Ana Portela acrescentou que este desagravamento da greve "é válido para o período entre 01 e 04 de outubro", isto é até quinta-feira, mantendo-se a paralisação geral marcada para 05 de outubro, sexta-feira, pois o sindicato conserva o pré-aviso para os dias feriados.

No sábado, a situação deverá retomar a normalidade, podendo ainda ocorrer algumas perturbações durante a manhã até à regularização dos serviços.

Neste contexto, a CP recomenda aos clientes a consulta dos seus canais de contacto e informação para programação das suas deslocações, nomeadamente bilheteiras, o 'call center' ou a página na Internet.

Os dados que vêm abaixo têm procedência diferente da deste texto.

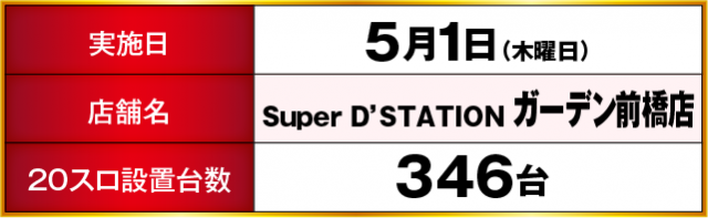 Super D’STATIONガーデン前橋店 差枚ランキング(5月1日)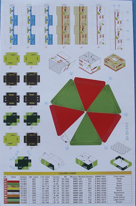 Bemalung: Die Bauanleitung besteht aus vier Seiten und ist übersichtlich gehalten. Sie gibt auch Hinweise auf die Farbgestaltung, man kann auf Farben aus acht Systemen zugreifen. Des Weiteren gibt es noch auf Papier gedruckte Standdeko.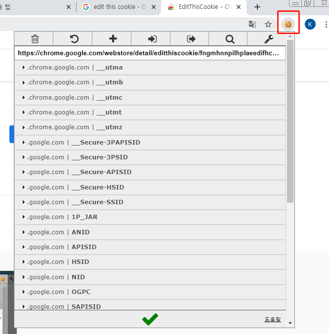 이 프로그램을 깔면 아래처럼 크롬브라우저 우측상단에 쿠키 아이콘이 생기고

Os maquinistas estão a fazer greve desde as 00:00 de hoje às primeiras duas horas do turno, situação que se manterá nos próximos quatro dias. A paralisação é um protesto contra a "espoliação dos salários", disse à Lusa o presidente do Sindicato Nacional dos Maquinistas (SMAQ).

No dia 05 de Outubro, em que se comemora a Implantação da República, a greve será total contra as alterações introduzidas pela revisão ao Código do Trabalho, que contemplam uma redução de 50 por cento no valor pago por trabalho em dia feriado.

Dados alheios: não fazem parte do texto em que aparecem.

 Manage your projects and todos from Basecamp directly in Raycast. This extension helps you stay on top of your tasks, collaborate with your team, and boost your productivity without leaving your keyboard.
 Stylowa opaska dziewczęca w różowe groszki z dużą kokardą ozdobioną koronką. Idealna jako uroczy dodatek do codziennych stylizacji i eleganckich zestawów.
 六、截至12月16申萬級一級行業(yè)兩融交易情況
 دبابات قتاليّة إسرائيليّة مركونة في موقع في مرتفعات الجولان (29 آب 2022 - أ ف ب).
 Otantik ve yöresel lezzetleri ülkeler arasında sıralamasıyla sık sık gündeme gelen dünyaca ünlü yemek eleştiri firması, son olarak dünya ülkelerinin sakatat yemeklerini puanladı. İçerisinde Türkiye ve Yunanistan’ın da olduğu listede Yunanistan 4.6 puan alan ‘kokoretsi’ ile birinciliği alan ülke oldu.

António Medeiros explicou que "o objectivo é lutar contra as medidas que anulam a contratação colectiva", realçando que "é um protesto contra a empresa e contra as medidas do Governo".

"Estão a colocar-nos numa situação de espoliação dos nossos salários, das nossas condições de vida e da nossa dignidade. Não podemos aceitar esta indignidade a que nos estão a sujeitar", declarou o dirigente sindical.